Under this line are the records; repeat exactly the lines starting at the one containing "אני באתי כבנאי." and ending at the one containing "I don't think", omitting pictures.

- Excerpted records:
▼▼▼
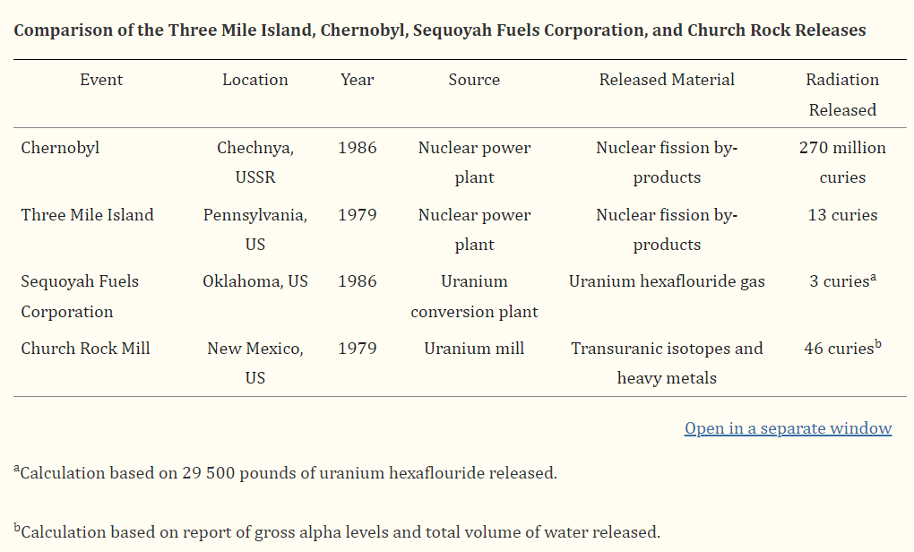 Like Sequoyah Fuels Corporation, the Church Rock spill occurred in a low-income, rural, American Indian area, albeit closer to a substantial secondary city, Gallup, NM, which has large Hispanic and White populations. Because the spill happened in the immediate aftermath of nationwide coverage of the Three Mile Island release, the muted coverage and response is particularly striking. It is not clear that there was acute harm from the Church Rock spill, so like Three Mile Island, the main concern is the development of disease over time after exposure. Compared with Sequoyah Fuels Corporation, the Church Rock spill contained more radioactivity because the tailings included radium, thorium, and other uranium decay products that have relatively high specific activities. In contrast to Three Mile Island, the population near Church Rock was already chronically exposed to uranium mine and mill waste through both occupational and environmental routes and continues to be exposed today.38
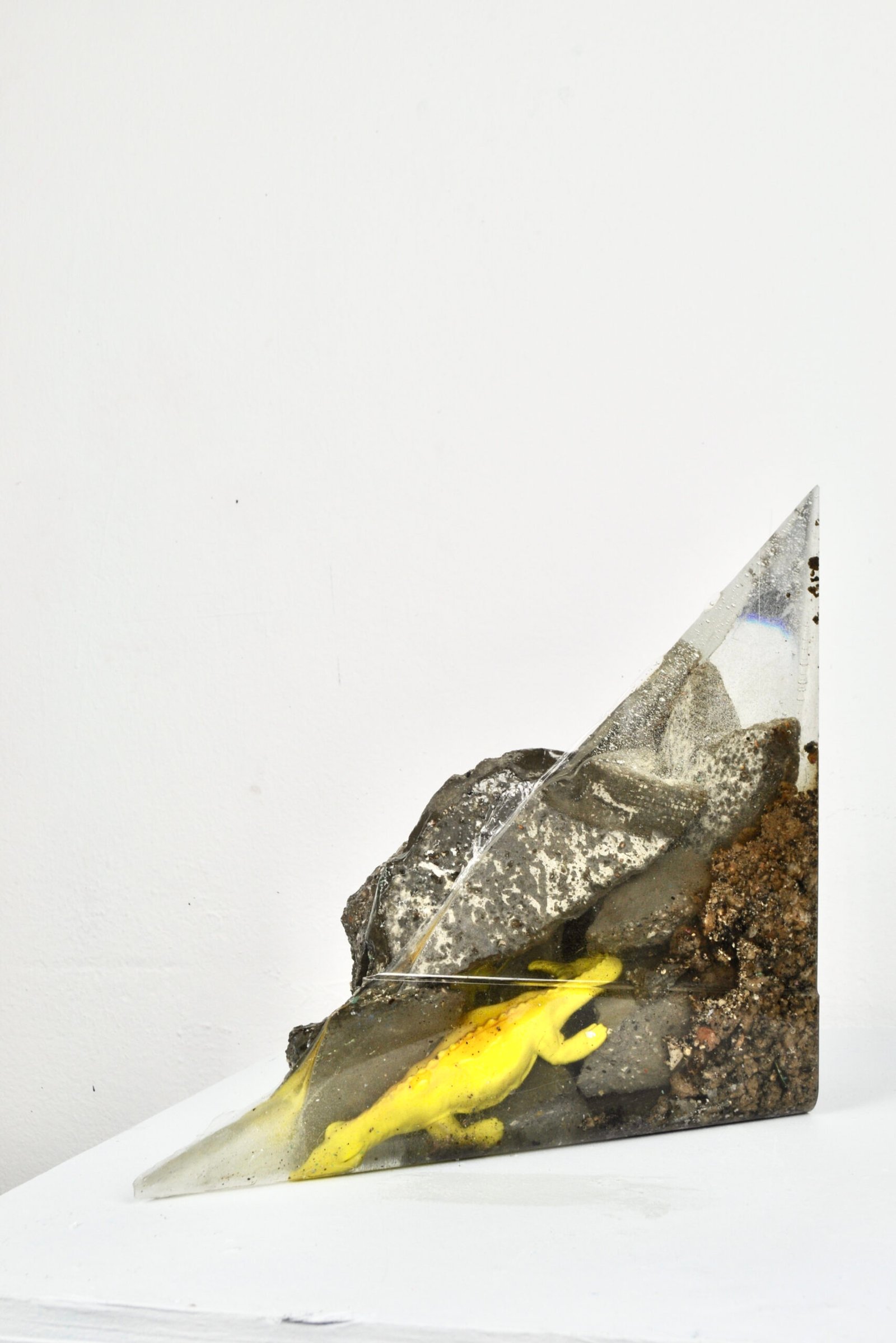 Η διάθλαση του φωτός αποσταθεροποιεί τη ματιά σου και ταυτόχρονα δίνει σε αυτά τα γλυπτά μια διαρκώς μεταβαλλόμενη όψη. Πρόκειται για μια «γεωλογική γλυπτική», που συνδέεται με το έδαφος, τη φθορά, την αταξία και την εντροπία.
▲▲▲
▼▼▼
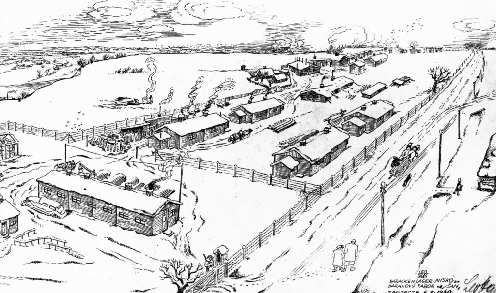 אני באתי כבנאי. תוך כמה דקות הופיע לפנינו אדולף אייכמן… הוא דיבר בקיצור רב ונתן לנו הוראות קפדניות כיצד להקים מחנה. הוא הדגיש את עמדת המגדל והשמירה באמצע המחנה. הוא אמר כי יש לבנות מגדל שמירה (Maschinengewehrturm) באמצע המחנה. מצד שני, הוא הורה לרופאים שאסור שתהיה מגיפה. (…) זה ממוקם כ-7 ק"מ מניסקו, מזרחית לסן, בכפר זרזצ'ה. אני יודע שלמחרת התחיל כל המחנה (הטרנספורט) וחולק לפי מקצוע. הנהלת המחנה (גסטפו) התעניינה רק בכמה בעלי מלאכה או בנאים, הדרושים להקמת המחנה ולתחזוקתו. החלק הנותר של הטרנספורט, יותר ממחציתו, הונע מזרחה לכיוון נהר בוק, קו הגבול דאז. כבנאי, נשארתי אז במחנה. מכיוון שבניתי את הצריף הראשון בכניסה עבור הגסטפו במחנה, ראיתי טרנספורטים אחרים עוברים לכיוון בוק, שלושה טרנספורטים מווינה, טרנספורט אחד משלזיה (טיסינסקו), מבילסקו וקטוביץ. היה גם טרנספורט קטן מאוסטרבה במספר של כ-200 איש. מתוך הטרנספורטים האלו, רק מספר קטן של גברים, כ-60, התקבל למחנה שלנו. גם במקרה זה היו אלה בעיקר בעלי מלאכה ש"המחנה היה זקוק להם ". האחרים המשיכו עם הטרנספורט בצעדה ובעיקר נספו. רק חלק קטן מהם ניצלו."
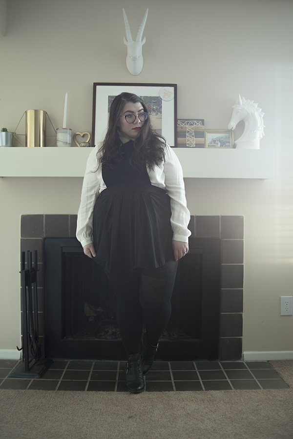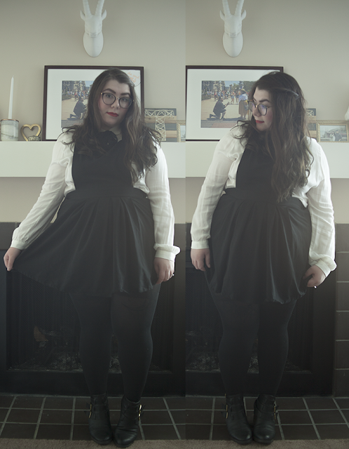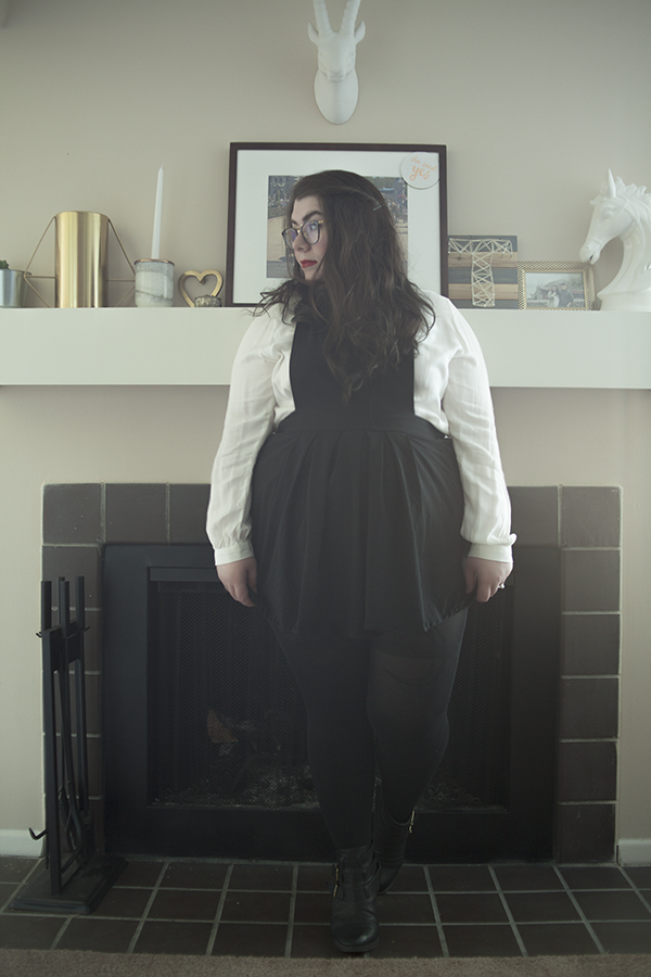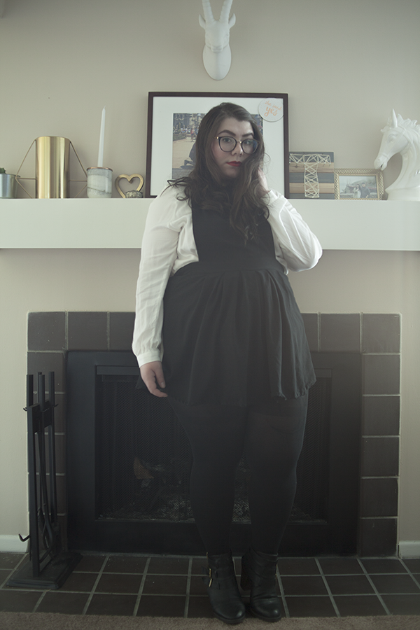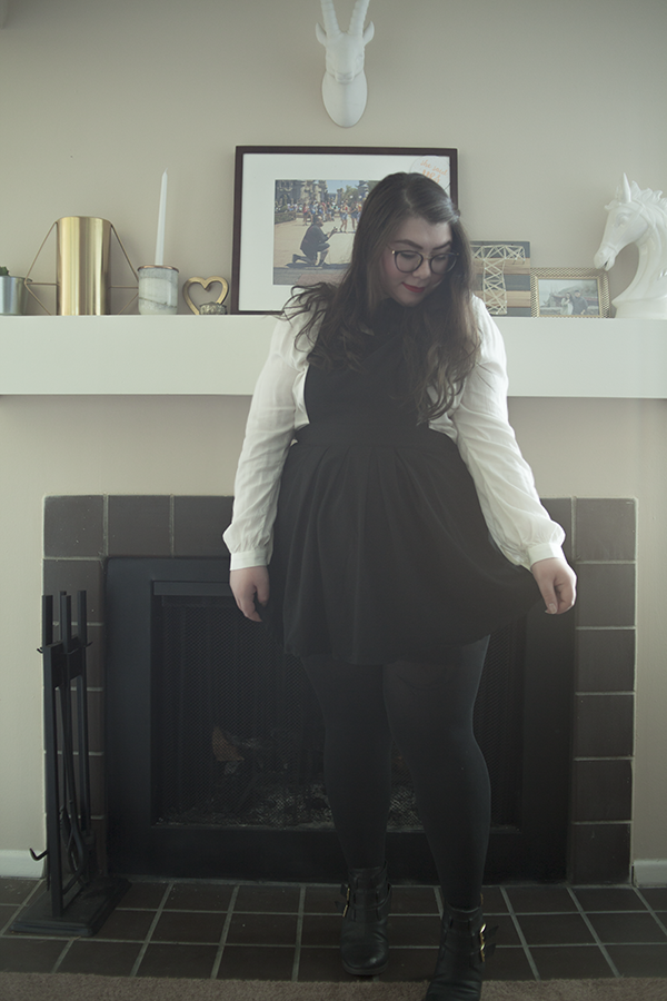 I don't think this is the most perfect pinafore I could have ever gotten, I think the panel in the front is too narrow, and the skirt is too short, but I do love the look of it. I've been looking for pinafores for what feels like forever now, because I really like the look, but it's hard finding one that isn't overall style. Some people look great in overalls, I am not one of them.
▲▲▲
▼▼▼
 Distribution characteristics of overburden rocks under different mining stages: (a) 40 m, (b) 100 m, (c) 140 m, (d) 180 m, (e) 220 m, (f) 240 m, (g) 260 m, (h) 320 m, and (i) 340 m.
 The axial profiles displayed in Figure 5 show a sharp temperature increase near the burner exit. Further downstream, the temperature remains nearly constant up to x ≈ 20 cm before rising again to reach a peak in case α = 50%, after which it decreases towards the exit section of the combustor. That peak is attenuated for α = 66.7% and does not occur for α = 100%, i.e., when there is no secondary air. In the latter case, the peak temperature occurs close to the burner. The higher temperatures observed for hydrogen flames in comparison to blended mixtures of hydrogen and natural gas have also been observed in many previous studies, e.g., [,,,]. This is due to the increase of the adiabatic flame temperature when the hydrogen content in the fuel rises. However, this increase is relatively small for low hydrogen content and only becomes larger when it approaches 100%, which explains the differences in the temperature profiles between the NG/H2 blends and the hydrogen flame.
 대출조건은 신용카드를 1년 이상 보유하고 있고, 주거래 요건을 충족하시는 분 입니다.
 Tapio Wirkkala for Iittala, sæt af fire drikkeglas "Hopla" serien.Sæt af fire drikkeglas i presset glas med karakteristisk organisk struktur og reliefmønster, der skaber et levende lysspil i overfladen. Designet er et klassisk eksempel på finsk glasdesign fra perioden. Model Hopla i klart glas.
▲▲▲
- Solved exercise:
 אני באתי כבנאי. תוך כמה דקות הופיע לפנינו אדולף אייכמן… הוא דיבר בקיצור רב ונתן לנו הוראות קפדניות כיצד להקים מחנה. הוא הדגיש את עמדת המגדל והשמירה באמצע המחנה. הוא אמר כי יש לבנות מגדל שמירה (Maschinengewehrturm) באמצע המחנה. מצד שני, הוא הורה לרופאים שאסור שתהיה מגיפה. (…) זה ממוקם כ-7 ק"מ מניסקו, מזרחית לסן, בכפר זרזצ'ה. אני יודע שלמחרת התחיל כל המחנה (הטרנספורט) וחולק לפי מקצוע. הנהלת המחנה (גסטפו) התעניינה רק בכמה בעלי מלאכה או בנאים, הדרושים להקמת המחנה ולתחזוקתו. החלק הנותר של הטרנספורט, יותר ממחציתו, הונע מזרחה לכיוון נהר בוק, קו הגבול דאז. כבנאי, נשארתי אז במחנה. מכיוון שבניתי את הצריף הראשון בכניסה עבור הגסטפו במחנה, ראיתי טרנספורטים אחרים עוברים לכיוון בוק, שלושה טרנספורטים מווינה, טרנספורט אחד משלזיה (טיסינסקו), מבילסקו וקטוביץ. היה גם טרנספורט קטן מאוסטרבה במספר של כ-200 איש. מתוך הטרנספורטים האלו, רק מספר קטן של גברים, כ-60, התקבל למחנה שלנו. גם במקרה זה היו אלה בעיקר בעלי מלאכה ש"המחנה היה זקוק להם ". האחרים המשיכו עם הטרנספורט בצעדה ובעיקר נספו. רק חלק קטן מהם ניצלו."
 I don't think this is the most perfect pinafore I could have ever gotten, I think the panel in the front is too narrow, and the skirt is too short, but I do love the look of it. I've been looking for pinafores for what feels like forever now, because I really like the look, but it's hard finding one that isn't overall style. Some people look great in overalls, I am not one of them.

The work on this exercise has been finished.